Local residents filed a complaint with the board when they discovered about one-third of the 64-hectare parcel of coastal Douglas-fir forest, known as DL 33, was slated to be logged, contrary to provincial government promises.
”In order to meet an Interim Measures Agreement with the Nanoose First Nation, the Province did not abide by its commitment to defer issuing new forest tenures until its stewardship strategy was in place,” said board chair Al Gorley.
As part of its stewardship strategy for the coastal Douglas-fir (CDF) ecosystem, the Province identified 1,600 hectares of Crown-owned forest for potential protection. However, the Ministry of Forests and Range issued the tenure for DL 33 before the proposed protection order was approved, on the basis that it did not include DL 33. The ministry has not yet issued a permit to begin logging.

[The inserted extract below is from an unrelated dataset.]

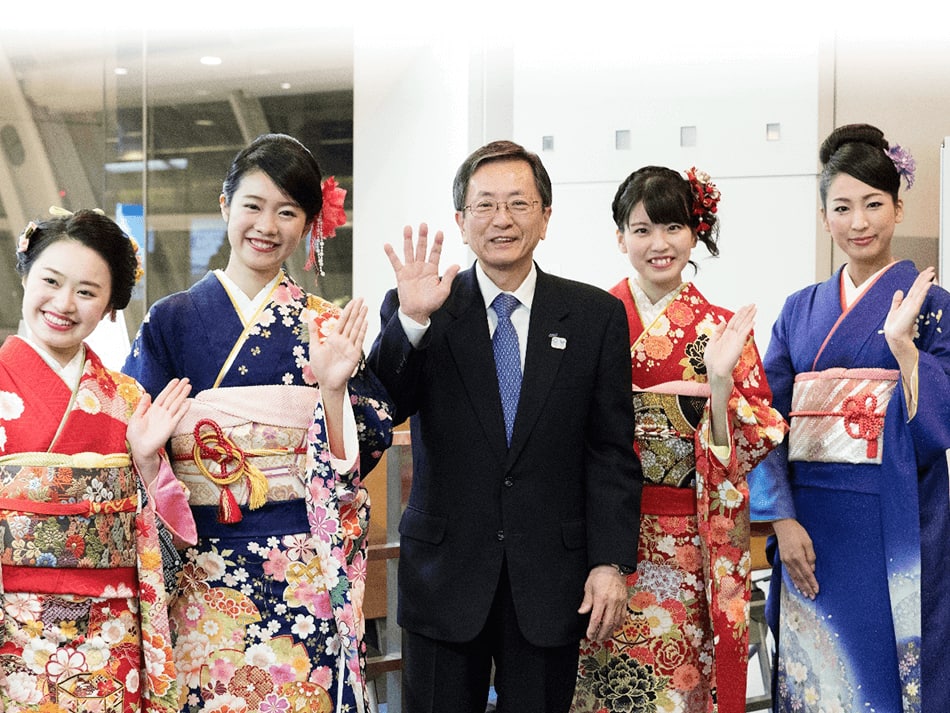寒い中早朝から来てくださったご搭乗の皆様にANAオリジナルグッズをお渡ししました。着物姿の係員と記念撮影を行い、いざ機内へ!

“Taken in isolation, DL 33 is important, but is not the real issue,” said Gorley. “It is a symptom of a problem that has been more than 100 years in the making. Given the large proportion of CDF on private land, and competing interests and priorities on provincial land, there may be little the Province can do on its own to ensure long-term viability of this ecosystem.”
The Province controls just 23,500 hectares (about nine percent) of the remaining CDF forests, and has protected 7,600 hectares to date. The proposed order would protect another 1,600 hectares. The board’s report notes that the stewards of private, federal and local government lands will have to participate further in conservation if greater viability of the ecosystem is desired.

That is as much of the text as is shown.